Caminhamos em silencio até o carro, dessa vez o clima era descontraído e calmo, no fim das contas tudo isso estava criando um laço de segurança e confiança entre nós.

- Eu... – Ele me olha quando para em frente a minha casa. – Não é que acho que você é uma criança, sua mente é evoluída e você está a frente da maioria da sua idade, mas...

- Mas...? – Ele me fuzila com os olhos e eu sorrio docemente fingindo inocência.

- Nós temos dez anos de diferença, e não podemos ficar nos beijando... Não que não tenha sido bom... eu.

- Você está apenas piorando a sua situação. – Falo rindo.

- Inicialmente eu fiquei puto por você ter uma vaga no departamento, você é uma adolescente que teve sorte em um caso o que poderia fazer? Depois foi mostrando o quanto era boa, mas sempre foi legal implicar contigo, te ver ficando puta e tal, algumas vezes você ficava toda corada e em outras vermelha de raiva, eu te vi me xingando muitas vezes quando não havia mais ninguém na sala, era hilário. – Ele diz como se estivesse se lembrando daqueles momentos e ri ao mesmo tempo em que isso me deixa sem graça. – Eu gostava de te afetar... – Ele dá de ombros. – Mas, ai você começou a me afetar e essas suas merdas de pijama... Não podemos fazer isso, você é uma adolescente e eu... temos que conviver profissionalmente, entende? – Ele me encara questionando, mas sem me dar tempo de responder. – Você é inocente e doce e eu digamos... tenho gostos peculiares, não quero fazer isso com você.

- Talvez... – Começo devagar, sabia exatamente o que ele estava falando. – No fim das contas eu não seja tão inocente e doce assim, talvez eu compartilhe dos mesmos gostos que você...
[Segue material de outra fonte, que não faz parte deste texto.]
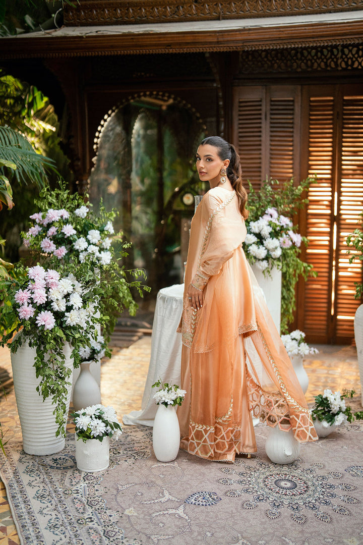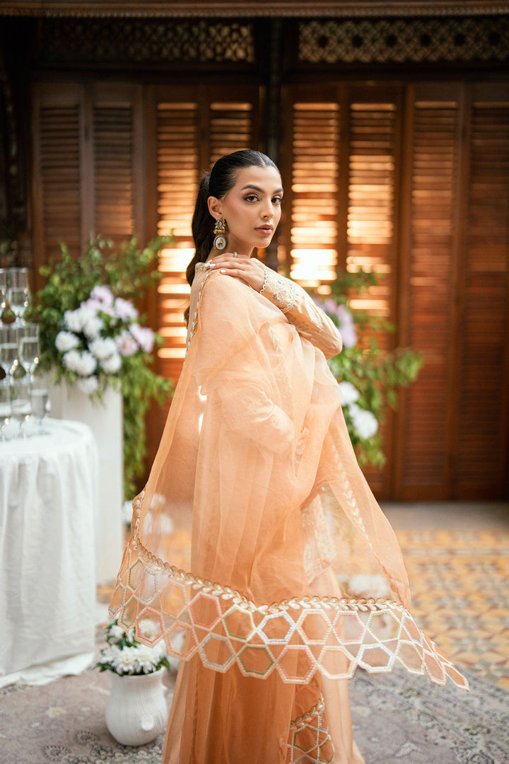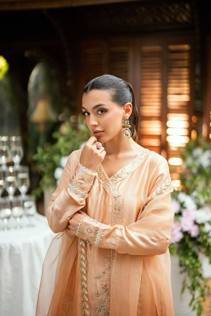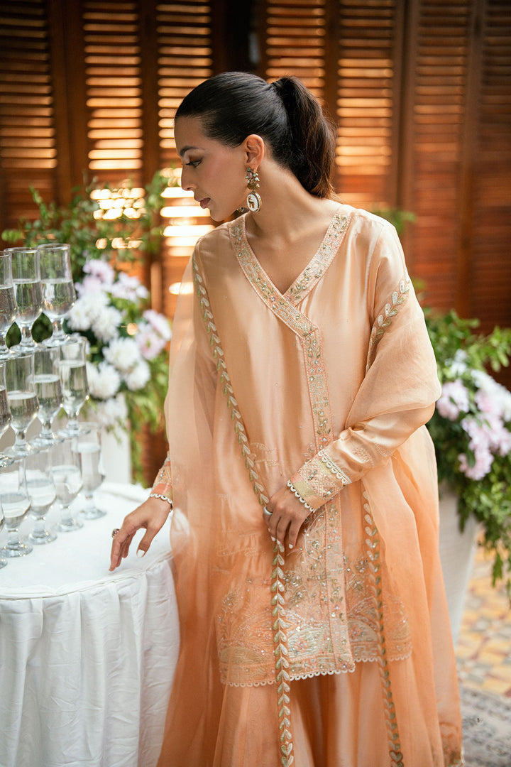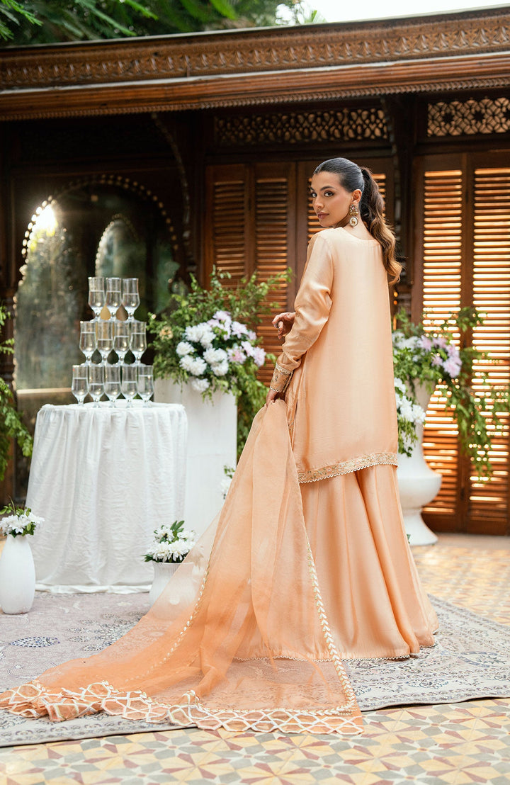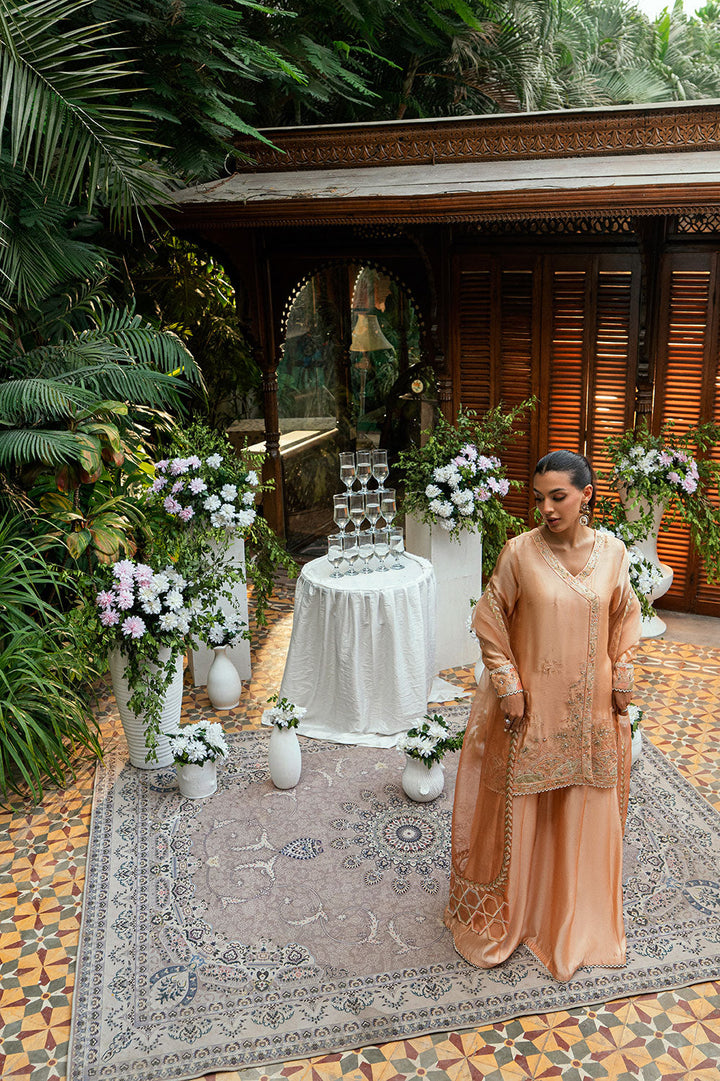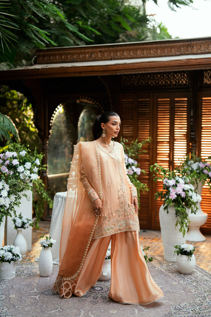 This three-piece luxury ensemble is a true summer indulgence. The sheesha silk shirt is beautifully adorned with delicate embroidery and signature motifs, complemented by flared raw silk pants that bring graceful movement to your look. Finished with a matching dupatta, it's a picture of understated luxury.
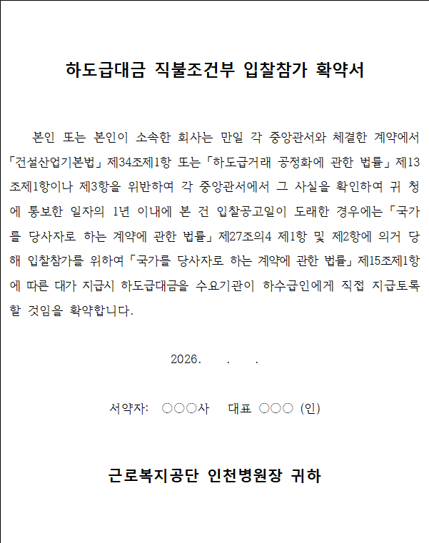 ③ ②에도 불구하고, 나라장터 시스템을 이용하여 제출하는 경우에는 전자입찰서에 ‘하도급대금 직불조건부 입찰참가 확약서’의 내용을 포함하고 있으므로 전자입찰서 제출로 확약서 제출을 갈음합니다.

Saio rapidamente do carro deixando um Draco boquiaberto para trás, depois que a frase foi dita eu sai sem nem ao menos olhar pra trás, talvez eu estivesse me precipitado ou falado demais e fosse me arrepender posteriormente, mas eu duvidava, o seu jeito provava muita coisa além do que eu tinha visto a um tempo atrás no computador dele, e eu tinha gostado bastante disso.


Notas Finais


Espero que tenham gostado, comentem e favoritem!
Me contem o que estão achando, por favor, eu sinceramente adoro esses momentos dos dois.
Logo logo teremos capítulos novos.
Até lá, beijinhos.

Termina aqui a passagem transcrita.